WORK INSTRUCTIONS:
Nothing but the lines from the one with "Концепция ресторана представляет" through the last line of the entries below should appear in the copy, please, and no pictures.

SOURCE DATA:
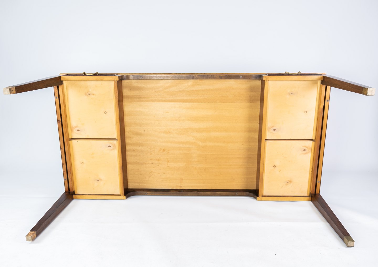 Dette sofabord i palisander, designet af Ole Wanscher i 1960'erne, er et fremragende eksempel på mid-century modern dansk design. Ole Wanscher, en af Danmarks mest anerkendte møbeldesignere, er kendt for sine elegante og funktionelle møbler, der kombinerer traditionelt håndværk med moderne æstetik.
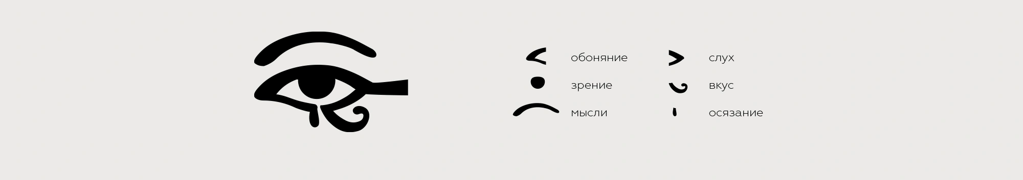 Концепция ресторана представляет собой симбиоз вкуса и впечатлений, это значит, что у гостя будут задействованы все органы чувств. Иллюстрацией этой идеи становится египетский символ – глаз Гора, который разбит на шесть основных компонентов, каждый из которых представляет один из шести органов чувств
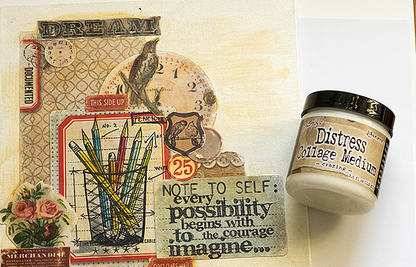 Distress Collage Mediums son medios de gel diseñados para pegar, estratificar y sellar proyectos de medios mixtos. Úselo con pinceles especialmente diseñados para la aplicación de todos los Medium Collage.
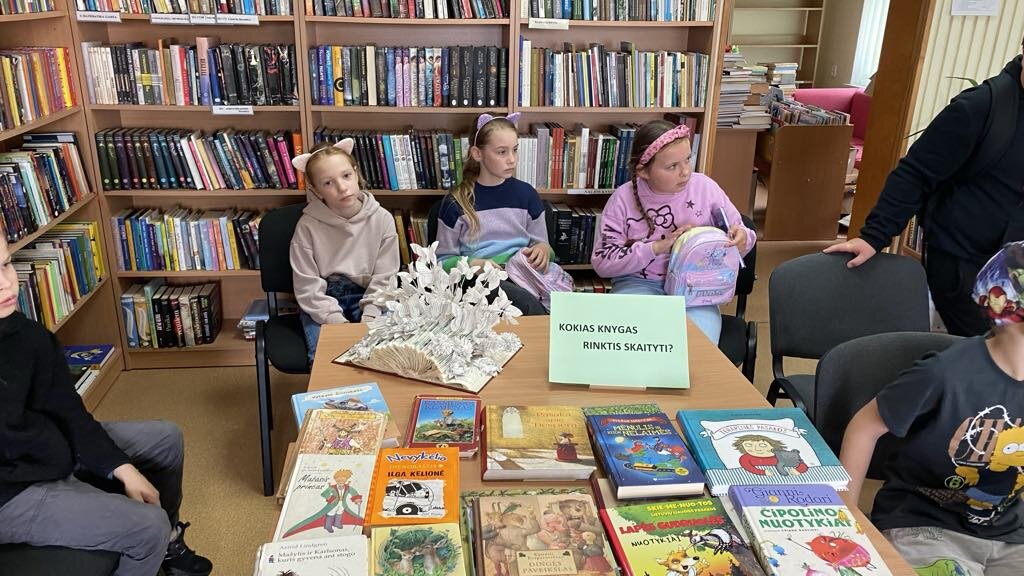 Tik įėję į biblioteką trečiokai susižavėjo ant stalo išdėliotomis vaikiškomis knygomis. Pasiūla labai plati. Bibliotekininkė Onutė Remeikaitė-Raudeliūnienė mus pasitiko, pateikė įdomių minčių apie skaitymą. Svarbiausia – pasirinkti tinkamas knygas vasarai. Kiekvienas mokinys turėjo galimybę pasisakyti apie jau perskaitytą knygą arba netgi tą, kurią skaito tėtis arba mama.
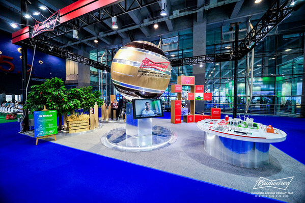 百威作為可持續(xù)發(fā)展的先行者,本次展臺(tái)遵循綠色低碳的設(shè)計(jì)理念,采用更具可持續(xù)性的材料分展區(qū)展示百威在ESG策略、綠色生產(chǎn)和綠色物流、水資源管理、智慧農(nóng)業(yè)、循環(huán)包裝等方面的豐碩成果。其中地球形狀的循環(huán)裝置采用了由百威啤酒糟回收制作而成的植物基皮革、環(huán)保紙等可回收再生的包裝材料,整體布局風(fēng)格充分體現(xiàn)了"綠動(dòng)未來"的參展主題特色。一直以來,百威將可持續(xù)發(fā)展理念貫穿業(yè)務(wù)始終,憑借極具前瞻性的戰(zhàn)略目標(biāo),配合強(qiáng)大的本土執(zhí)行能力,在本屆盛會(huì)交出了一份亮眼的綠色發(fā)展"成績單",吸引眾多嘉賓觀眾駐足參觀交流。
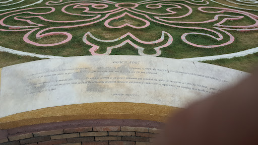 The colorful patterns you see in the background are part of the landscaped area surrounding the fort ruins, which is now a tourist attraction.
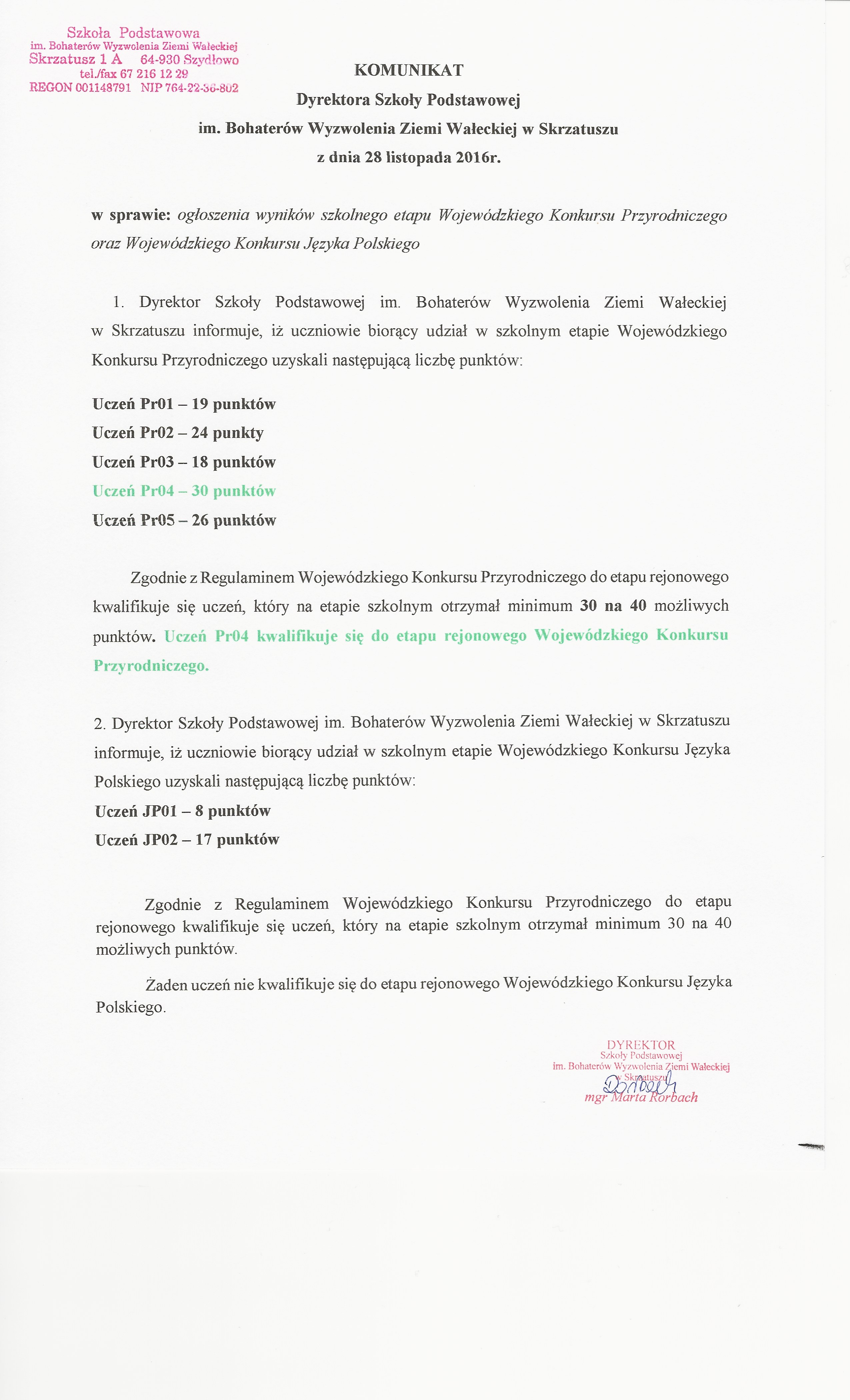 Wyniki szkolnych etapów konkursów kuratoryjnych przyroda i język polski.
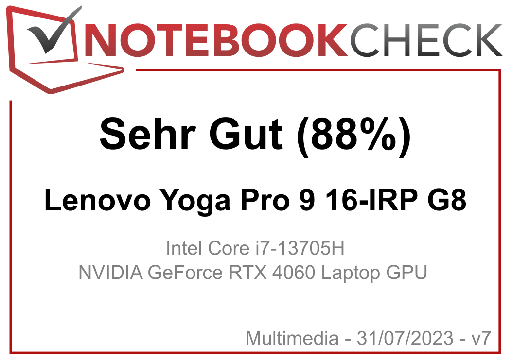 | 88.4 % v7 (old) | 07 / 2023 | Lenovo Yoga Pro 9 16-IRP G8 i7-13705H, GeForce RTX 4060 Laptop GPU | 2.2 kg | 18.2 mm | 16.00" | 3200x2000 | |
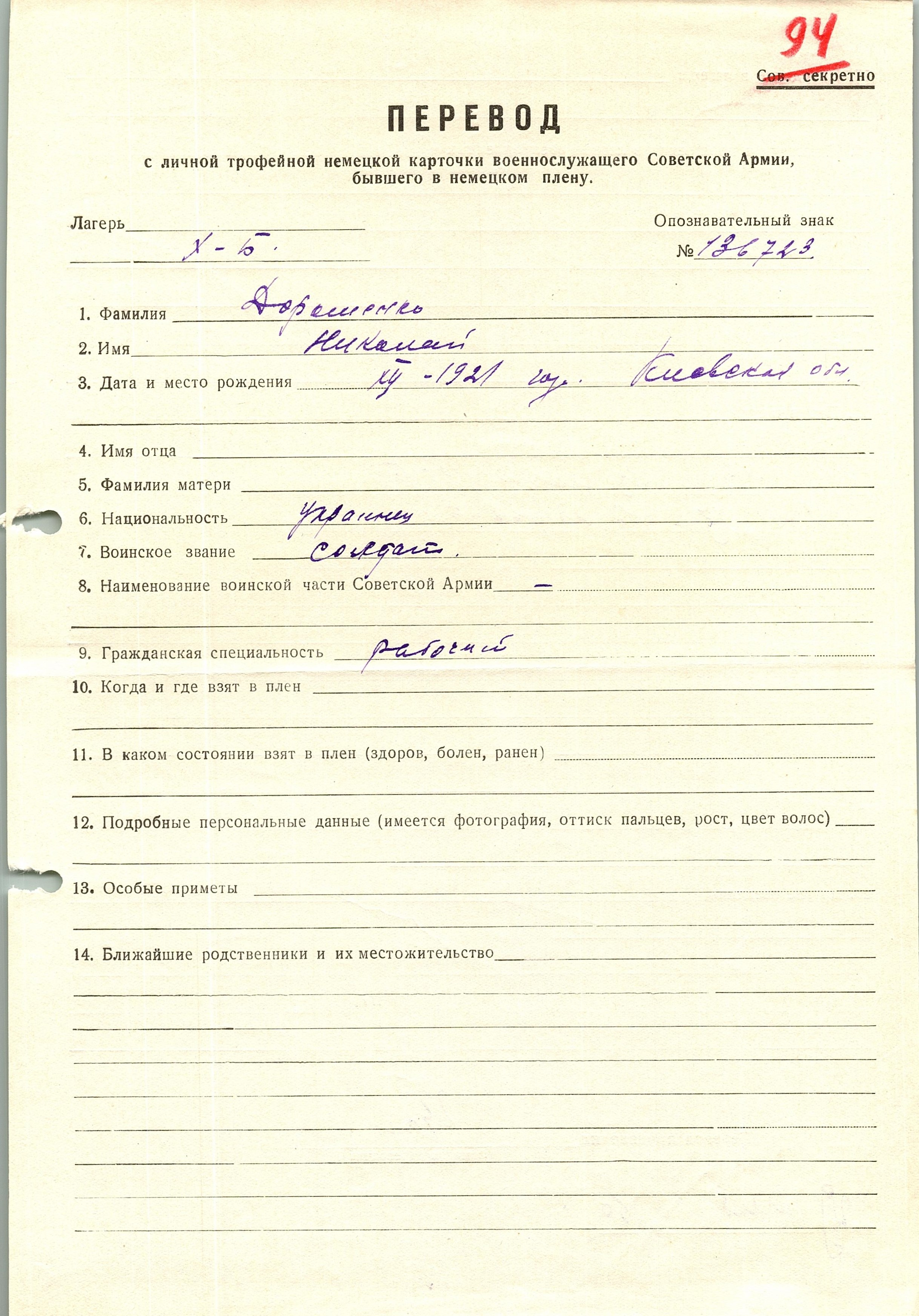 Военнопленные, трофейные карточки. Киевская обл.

OUTPUT:
 Концепция ресторана представляет собой симбиоз вкуса и впечатлений, это значит, что у гостя будут задействованы все органы чувств. Иллюстрацией этой идеи становится египетский символ – глаз Гора, который разбит на шесть основных компонентов, каждый из которых представляет один из шести органов чувств
 Distress Collage Mediums son medios de gel diseñados para pegar, estratificar y sellar proyectos de medios mixtos. Úselo con pinceles especialmente diseñados para la aplicación de todos los Medium Collage.
 Tik įėję į biblioteką trečiokai susižavėjo ant stalo išdėliotomis vaikiškomis knygomis. Pasiūla labai plati. Bibliotekininkė Onutė Remeikaitė-Raudeliūnienė mus pasitiko, pateikė įdomių minčių apie skaitymą. Svarbiausia – pasirinkti tinkamas knygas vasarai. Kiekvienas mokinys turėjo galimybę pasisakyti apie jau perskaitytą knygą arba netgi tą, kurią skaito tėtis arba mama.
 百威作為可持續(xù)發(fā)展的先行者,本次展臺(tái)遵循綠色低碳的設(shè)計(jì)理念,采用更具可持續(xù)性的材料分展區(qū)展示百威在ESG策略、綠色生產(chǎn)和綠色物流、水資源管理、智慧農(nóng)業(yè)、循環(huán)包裝等方面的豐碩成果。其中地球形狀的循環(huán)裝置采用了由百威啤酒糟回收制作而成的植物基皮革、環(huán)保紙等可回收再生的包裝材料,整體布局風(fēng)格充分體現(xiàn)了"綠動(dòng)未來"的參展主題特色。一直以來,百威將可持續(xù)發(fā)展理念貫穿業(yè)務(wù)始終,憑借極具前瞻性的戰(zhàn)略目標(biāo),配合強(qiáng)大的本土執(zhí)行能力,在本屆盛會(huì)交出了一份亮眼的綠色發(fā)展"成績單",吸引眾多嘉賓觀眾駐足參觀交流。
 The colorful patterns you see in the background are part of the landscaped area surrounding the fort ruins, which is now a tourist attraction.
 Wyniki szkolnych etapów konkursów kuratoryjnych przyroda i język polski.
 | 88.4 % v7 (old) | 07 / 2023 | Lenovo Yoga Pro 9 16-IRP G8 i7-13705H, GeForce RTX 4060 Laptop GPU | 2.2 kg | 18.2 mm | 16.00" | 3200x2000 | |
 Военнопленные, трофейные карточки. Киевская обл.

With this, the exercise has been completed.